И вот ее Таньчора как уехала, так и сгинула.

В последнее время старуха готова была винить в этом не дочь, а себя. В чем ее вина, она не понимала, самой ей было не по силам отправиться к Таньчоре, которая живет где-то так далеко, что старуха не могла добраться туда даже умом, не то что дорогой, но она понимала другое: нельзя матери столько не видеть свою дочь – тяжело перед собой, неловко перед людьми, стыдно перед дочерью. Вот и выходит: что она за мать, если смогла вытерпеть такую разлуку? Что она сделала для того, чтобы свидеться с Таньчорой? Только и знала, что ждать. Хоть бы палец о палец ударила. А как ударить, чтобы был толк? Господи, если бы кто-нибудь подсказал. Старуха не боялась за Люсю, верила, что она себя в обиду не даст, – не такой она человек; Варвару, ту, наоборот, мог обидеть каждый, но Варвара была рядом, почти на глазах; Илья мужик, он сумеет за себя постоять, и только Таньчора, как нарочно выброшенный кусок, больше всех маяла старухино сердце, не давая ему покоя ни днем ни ночью. Посмотреть бы на нее хоть через щелочку, хоть разок, чтобы понять, что с ней сталось, как живется ей на дальней стороне, среди чужих людей, без матери. И по лицу, без слов можно многое узнать, и тогда старуха решила бы, молиться ей за дочь или радоваться. Еще и потому ей надо было перед смертью хоть мельком взглянуть на Таньчору, чтобы снять со своей души грех за то, что она ее долго не видела, очиститься перед Богом и спокойно, радостно и светло предстать перед его судом: вот я, раба Божья Анна, черного с собой не несу.

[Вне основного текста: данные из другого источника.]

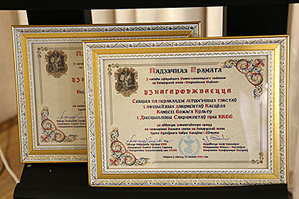 Фінальным акордам сустрэчы стала ўзнагароджанне ганаровымі граматамі Секцыі па перакладзе літургічных тэкстаў і афіцыйных дакументаў Касцёла Камісіі Божага Культу і Дысцыпліны Сакрамэнтаў пры Канферэнцыі Каталіцкіх Біскупаў Беларусі і архідыяцэзіяльнага выдавецтва «Pro Christo», чыя адданая праца зрабіла магчымым выданне «Пяцікніжжа Майсея» і правядзенне гэтай урачыстай і знакавай падзеі.

Но сегодня был последний срок: если до темноты Таньчора не приедет, значит нечего больше и надеяться.

Уверив себя, что Таньчора обязательно будет, надо только потерпеть и не мешать ей подъезжать все ближе и ближе; старуха облегченно задремала – сначала чутко, сторожа со стороны каждый звук и все время помня, что она дремлет, потом, как это всегда бывает, ненароком выпустила себя из рук и потеряла, оставив в кровати вместо человека пустой мешок. И где она была, что делала, никто не знает.

Ее воротили голоса, она услыхала их, находясь еще далеко, откуда не понять, о чем говорят. Слух первым вернулся к старухе, но он был слабым и ловил только неясное, обрывистое бормотание, похожее на бульканье, будто кто-то бросал в воду камни. Старуха теперь была не та, что раньше, когда просыпалась моментально, как тут и была; сейчас ей надо было время и силы, чтобы собрать все, что положено иметь человеку, – и слух, и глаза, и память, словно она расклеивалась во сне на части, каждая из которых норовила забыть свою службу.

Она открыла глаза и сразу ничего не различила: в комнате было сумеречно, но сумерки уже достывали до полной темноты. Окна светлели только с той, с уличной стороны, но через стекла проходило мало. Четкий, нажимистый голос Люси, не теряясь в темноте, кому-то выговаривал:

– Как вам не стыдно?! Мать чуть живая лежит, а они как с ума сошли!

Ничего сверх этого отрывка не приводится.